USAGE: optseq2
Data Acquistion Parameters
--ntp Ntp : number of time points
--tr TR : temporal resolution of acquisition (in sec)
--tprescan t : start events t sec before first acquisition
Event Response and Nuisance Descriptors
--psdwin psdmin psdmax : PSD window specifications
--ev label duration nrepetitions
--repvar pct : allow nrepetitions to vary by +/- percent
--polyfit order
--tnullmin tnullmin : limit min null duration to tnullmin sec
--tnullmax tnullmax : limit max null duration to tnullmax sec
Searching and Cost Parameters
--nsearch n : search over n schedules
--tsearch t : search for t hours
--focb n : pre-optimize first order counter-balancing
--ar1 rho : optimize assuming whitening with AR1
--pen alpha T dtmin: penalize for presentations being too close
--evc c1 c2 ... cN : event contrast
--cost name : eff, vrfavg, vrfavgstd
--sumdelays : sum delays when forming contrast matrix
--seed seedval : initialize random number generator to seedval
Output Options
--nkeep n : keep n schedules
--o outstem : save schedules in outstem-RRR.par
--mtx mtxstem : save design matrices in mtxstem_RRR.mat
--cmtx cmtxfile : save contrast matrix in cmtxfile
--sum file : save summary in file (outstem.sum)
--log file : save log in file (outstem.log)

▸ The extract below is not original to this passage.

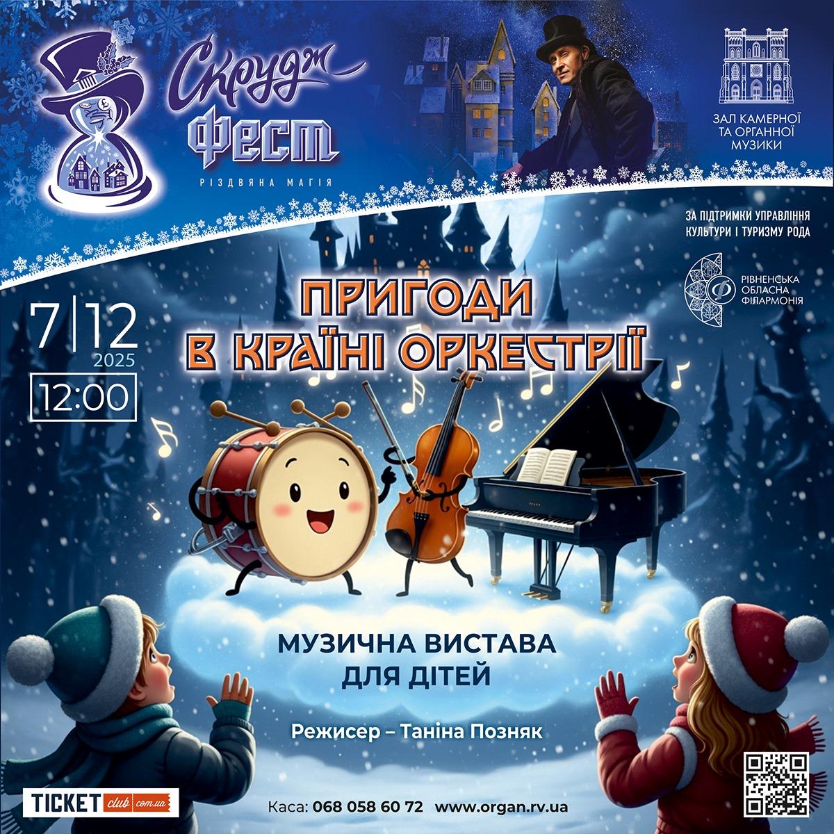 На музичну виставу «Пригоди в країні Оркестрії» малечу Рівненщини запрошує Рівненська обласна філармонія. Мистецький захід відбудеться в Залі камерної та органної музики вже цієї неділі, 7 грудня, о 12.00. На дітей чекає знайомство з небесним оркестром Святого Миколая та Володарем Зландії Мороком, який хоче завадити святу та залишити всіх без подарунків.

--pctupdate pct : print an update after each pct done
--sviter file : save info from each iteration in file
Input/Initialization Options
--i instem : initialize with instem-RRR.par
--in input-schedule <--in input-schedule >
--nosearch : just print output for input files
Help, Documentation, and Bug Reporting
--help : print help page
--version : print version string
$Id: optseq2.c,v 2.12 2006/12/29 02:09:11 nicks Exp $
Optseq Home Page:
http://surfer.nmr.mgh.harvard.edu/optseq
SUMMARY
optseq2 is a tool for automatically scheduling events for
rapid-presentation event-related (RPER) fMRI experiments (the schedule
is the order and timing of events). Events in RPER are presented
closely enough in time that their hemodynamic responses will
overlap. This requires that the onset times of the events be jittered
in order to remove the overlap from the estimate of the hemodynamic
response. RPER is highly resistant to habituation, expectation, and set
because the subject does not know when the next stimulus will appear
or which stimulus type it will be. RPER is also more efficient than
fixed-interval event related (FIER) because more stimuli can be
presented within a given scanning interval at the cost of assuming
that the overlap in the hemodynamic responses will be linear. In SPM
parlance, RPER is referred to as 'stochastic design'.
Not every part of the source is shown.